Upon waking one morning, I was thrilled to discover an email from the art historian Diana Quinby in my inbox. Ah, what a pleasant surprise after several quiet weeks! Her email contained a download link to handwritten notes that I promptly saved on my computer.


The dossier shared by Diana included three files, each corresponding to notes taken during meetings with Nil Yalter in her studio. These notes are respectively dated November 9, 2001, March 23, 1999, and May 24, 1999, spanning over two decades. It’s worth noting, with amusement, that two of these meetings took place before my birth...


I settled quietly at my desk and spent a good hour (and even more!) examining these three files. I feared a bit to find myself facing illegible notes, but I was wrong. Diana’s notes are clear and well-written, her handwriting precise - and she even took care to correct her grammatical mistakes! I was thus able to immerse myself in these three moments of encounter with great ease.


First observation: the notes contain several questions to which we will likely find answers by listening to the VHS tapes converted into MP4. On this subject, I should receive feedback very soon.
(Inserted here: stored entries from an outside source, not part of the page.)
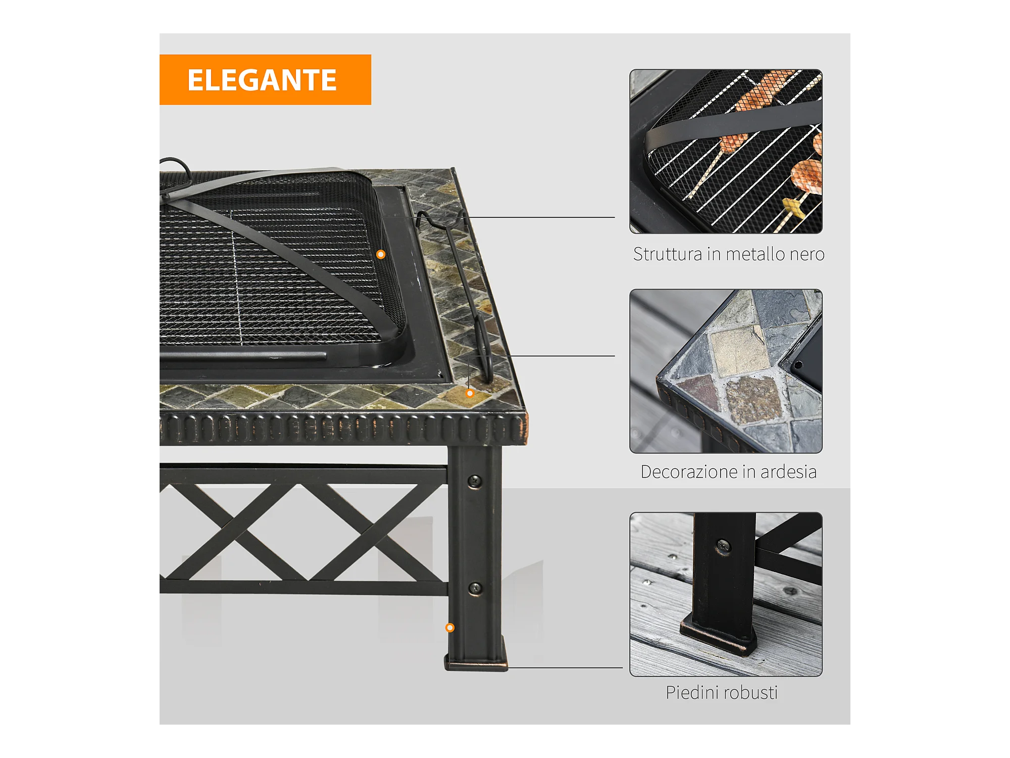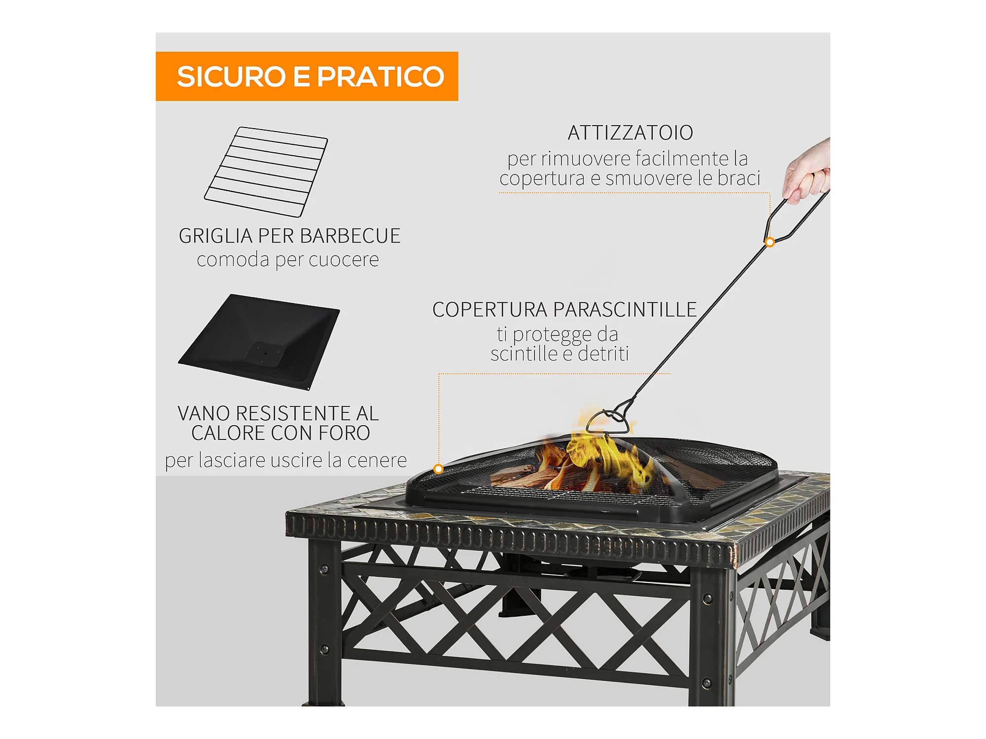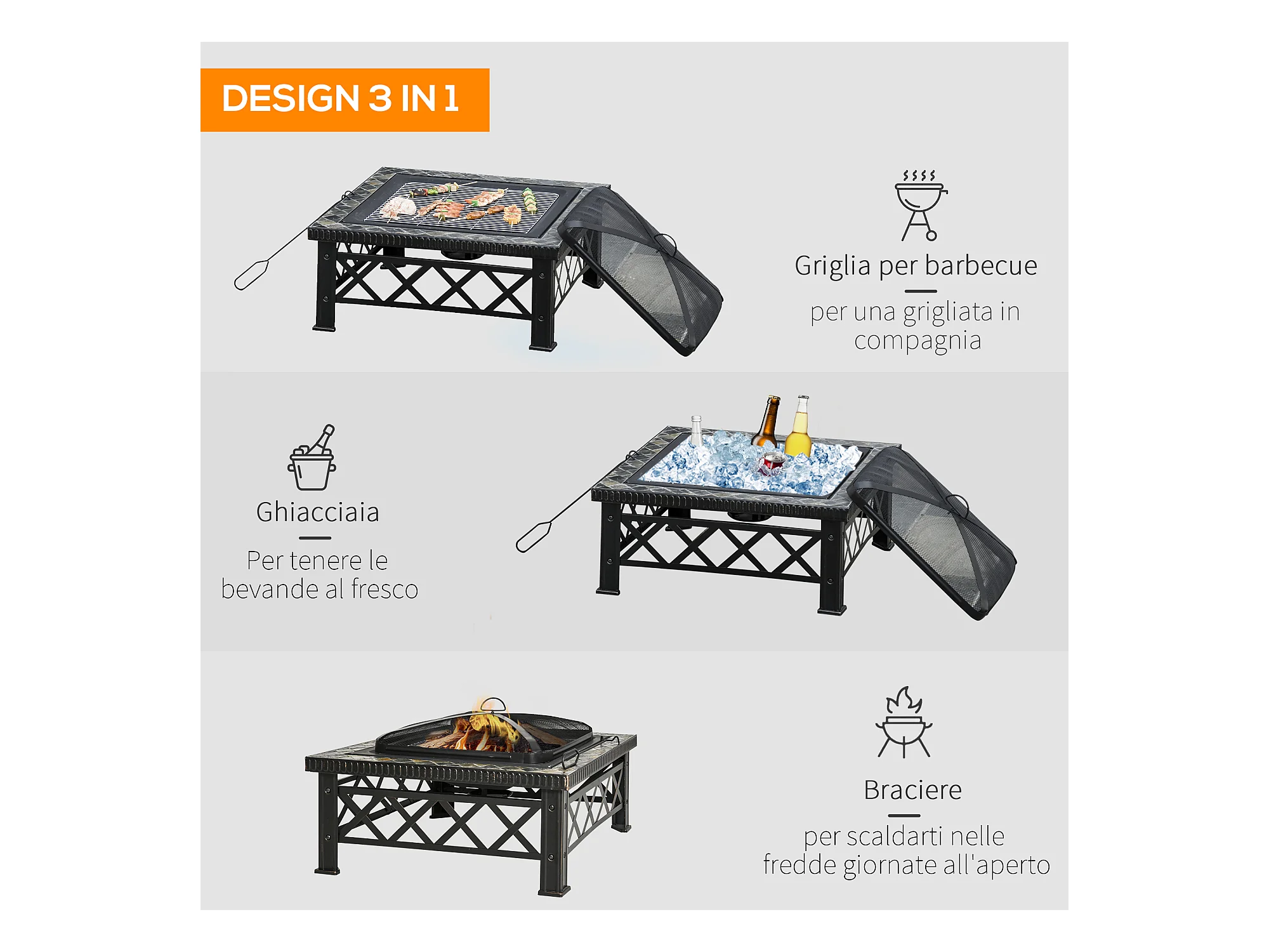 Braciere da giardino con coperchio parascintille griglia metallo nero
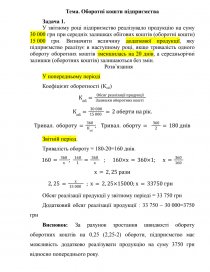 Висновок: За рахунок зростання швидкості обороту оборотних коштів на 0,25 (2,25-2) обороти, підприємство має можливість додатково реалізувати продукцію на суму 3750 грн відносно попереднього року.
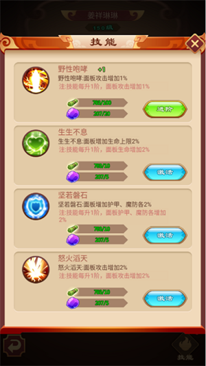 主角和每只宠物都是四个技能,技能是直接增加面板属性。
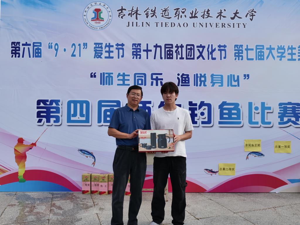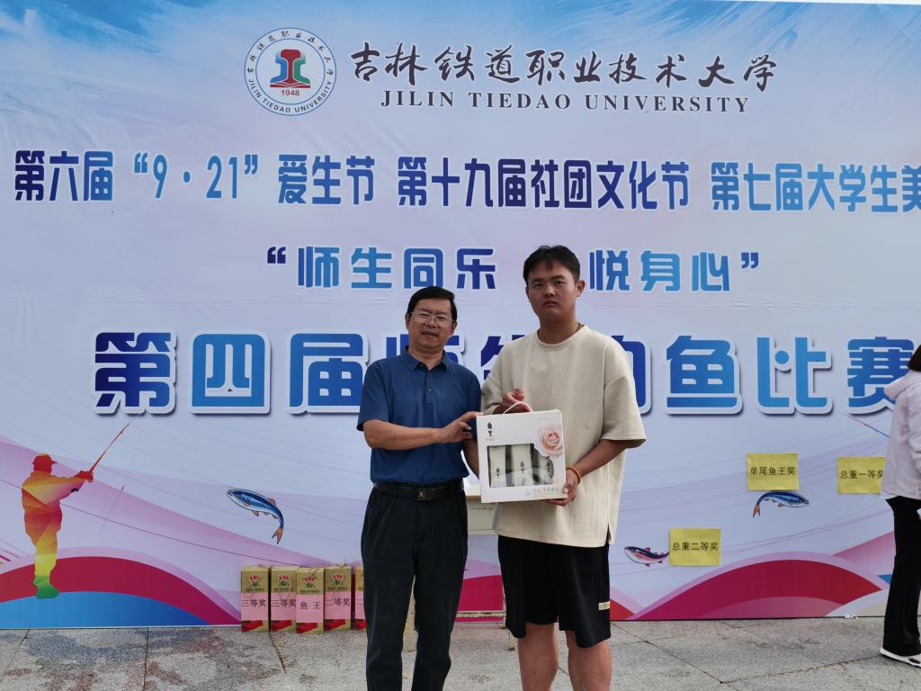 经过两个小时的激烈角逐,裁判依据单尾重量及鱼获总重量进行排名。教师组中,城市轨道交通学院李佰玲钓到单尾最重“鱼王”,按鱼获总重量,安全保卫处尚佳伟获得第一名,东北亚高铁学院王伟楠、东北亚高铁学院孙奇获得并列第二名,美育劳育教学研究院周敏、铁道机车车辆学院孔亮获得并列第三名。学生组中,东北亚高铁学院潘韬宇钓到单尾最重“鱼王”,按鱼获总重量,东北亚高铁学院潘韬宇获得第一名,铁道工程学院张嘉文获得第二名,铁道工程学院赵宏伟获得第三名。学校工会主席李惠娟和学生工作处处长周环宇分别为获奖者颁发了奖品,祝福师生事业学业皆顺利,师生情谊永流淌。

Image 1 : Diana’s notes on La Roquette


Second observation: for me, it was clear that Diana’s notes reveal numerous details about Nil’s works, details that can only be obtained through interviews. I’m particularly thinking of the notes from November 9, 2001, which largely deal with Nil’s work, La Roquette, prison de femmes. Through these notes, and thus Nil Yalter’s words, we discover many subtleties of the lives and the daily conditions of women imprisoned at La Roquette. To provide context, the prisons of La Roquette were former penitentiary establishments located in the 11th arrondissement of Paris. One of these establishments became, in 1935, a prison for women, as well as a place of execution for women in Paris. This incarceration policy remained unchanged until the closure of the prison in 1974, the year of Nil’s work’s creation. Through Diana’s notes, we learn, for example, that “the prison provided nothing - neither tissue nor sanitary towel“ Some women worked inside the prison to earn a little money, but these small savings were not enough for all, with some

women even going so far as to “tear images [of recipes] and food to eat“ We also learn that the meat was very tough, blankets were lacking during harsh winters, lice were commonplace, and women were only allowed television once a month. These bits of information interest us as much for what they reveal about the prison as for what touched Nil and inspired her in the conception of her work.



Image 2 : La petite prison de la roquette © Getty – Keystone


Image 3 : Nil’s work, La Roquette, Prison de Femmes


Image 4 : Nil’s work, La Roquette, Prison de Femmes


These handwritten notes, let’s not forget, are only fragments, incomplete traces of a brief moment in the lives of Nil and Diana. Subjective in nature, they ultimately represent what Diana found interesting to note on November 9, 2001, potentially enriching her future thesis and reflections, as well as what Nil deemed relevant to respond to. The great dilemma of the archive persists : what are they hiding and not telling the archivist?